# cubi housing



## lefties43332 (Oct 21, 2012)

I'm familiar with kalayaan and Binictican but I read there's also housing at cubi. Anybody know where? Thx


----------



## Asian Spirit (Mar 1, 2010)

lefties43332 said:


> I'm familiar with kalayaan and Binictican but I read there's also housing at cubi. Anybody know where? Thx


At Cubi Point it is up on the hill overlooking the airport. These units are two story buildings that use to be (I think) BOQ units. I have stayed in one several times but no idea on rent amount. I do know that you must also pay your own electric bill.
Downside is that they DO NOT allow cooking or stoves in the units. So, many of the ones staying/living in them use an electric hot plate and rice cooker only. Not exactly the kinda place to stay long term..


----------



## jon1 (Mar 18, 2012)

Jet is referring to what is called "Crowne Peak". There are also residences up there but they are the highest priced within the Freeport (most have views overlooking the bay). Short term rentals start 40,000p+ per month and long term leases are 6Mphp and up.


----------



## lefties43332 (Oct 21, 2012)

jon1 said:


> Jet is referring to what is called "Crowne Peak". There are also residences up there but they are the highest priced within the Freeport (most have views overlooking the bay). Short term rentals start 40,000p+ per month and long term leases are 6Mphp and up.

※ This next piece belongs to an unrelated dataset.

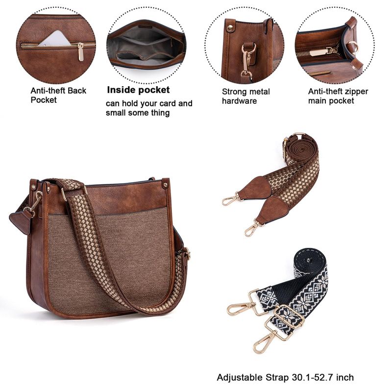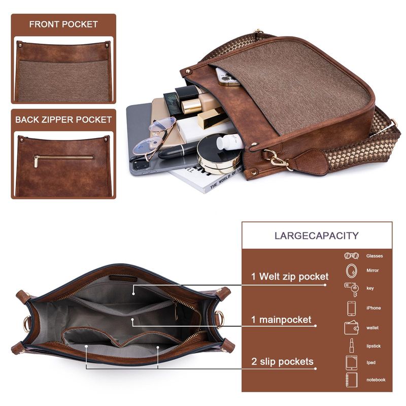 HOGARINDUMENTARIA Y ACCESORIOSCaitina Bolso cruzado de cuero vegano para mujer, bolso de hombro cruzado de moda para mujer con 2

OK I know crowned peak too


----------



## cvgtpc1 (Jul 28, 2012)

Jet Lag said:


> Downside is that they DO NOT allow cooking or stoves in the units. So, many of the ones staying/living in them use an electric hot plate and rice cooker only. Not exactly the kinda place to stay long term..


Guessing they're isn't a dirty kitchen out back one could really cook at?


----------



## UltraFJ40 (May 20, 2014)

I would also like to hear some info on Cubi. Most anything North of Manila interests me (esp near Subic). I've searched tons of sites but haven't had much luck other than the super inflated Realtor or listing agent prices for most everywhere.

What your take on Kalayaan and Binictican? If you don't mind me asking you to hijack your own thread.


----------



## UltraFJ40 (May 20, 2014)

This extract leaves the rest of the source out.